Analysts and traders expect the currency to face selling pressure in the near term from a faltering economy but the pace of depreciation will likely be measured.

The central bank again set stronger-than-expected guidance for the yuan through its fixing.

Prior to the market’s opening, the People’s Bank of China (PBOC) set the midpoint rate at 7.215 per US dollar, 164 pips weaker than the previous fix of 7.1986.

Spot yuan opened at 7.3400 per dollar and was changing hands at 7.3413 at midday, 116 pips weaker than the previous late session close, the lowest since December 2007.

A widening services trade deficit from outbound tourism or overseas study, and reduced incentives for Chinese exporters to convert proceeds back to yuan due to a wide interest rate gap, may be downside factors in the near term, said Becky Liu, head of China macro strategy at Standard Chartered Bank.

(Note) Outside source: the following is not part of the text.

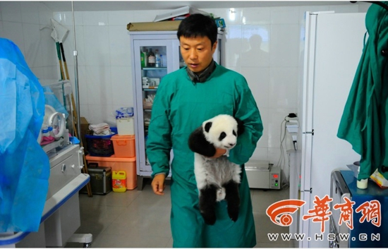 饲养员还有一项重要工作,就是定期将熊猫宝宝抱出笼舍,测量体温和体重。给新生大熊猫测体温,不是测腋下,而是测它又软又毛茸茸的肚子,因为它肚子的体温更恒定。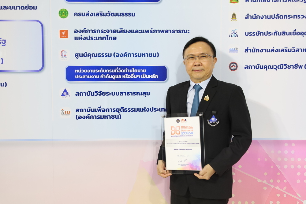 27 .. 2567: สถาบันวิจัยระบบสาธารณสุข สวรส. นำโดย นพ.ศุภกิจ ศิริลักษณ์ ผู้อำนวยการ สวรส. เข้าร่วมในงานพิธีมอบรางวัลรัฐบาลดิจิทัล ประจำปี 2567 “DG Awards 2024” โดย สวรส. คว้ารางวัลรัฐบาลดิจิทัล ประจำปี 2567 DG Awards 2024 รางวัลพัฒนาการดีเด่น: หน่วยงานระดับกรมที่จัดทำนโยบาย ประสานงาน กำกับดูแล หรืออื่นๆ เป็นหลัก

“The pair could stay range-bound in the foreseeable future without breaking materially higher, as the PBOC’s stance to defend the currency around current level remains very strong”, Liu said.

“I think the PBOC will take a further action such as state banks’ dollar selling in the market,” said Kiyong Seong, lead Asia macro strategist at Societe Generale CIB.

Yuan weakness this week is not an isolated event as higher oils prices and resilient data in the US helped strengthen the dollar, Seong said.

Market participants are anticipating a funding squeeze in the offshore yuan market to slow down this week’s yuan depreciation, UBS analysts wrote in a note.

Its rapid decline has prompted authorities to roll out a slew of measures to contain the weakness.

Meanwhile, a Chinese state-owned newspaper said on Friday that with China’s economy gradually recovering, there should be a little more confidence in the yuan exchange rate.

By midday, the global dollar index fell to 104.864 from the previous close of 105.059.

The offshore yuan was trading 97 pips weaker than the onshore spot at 7.351 per dollar.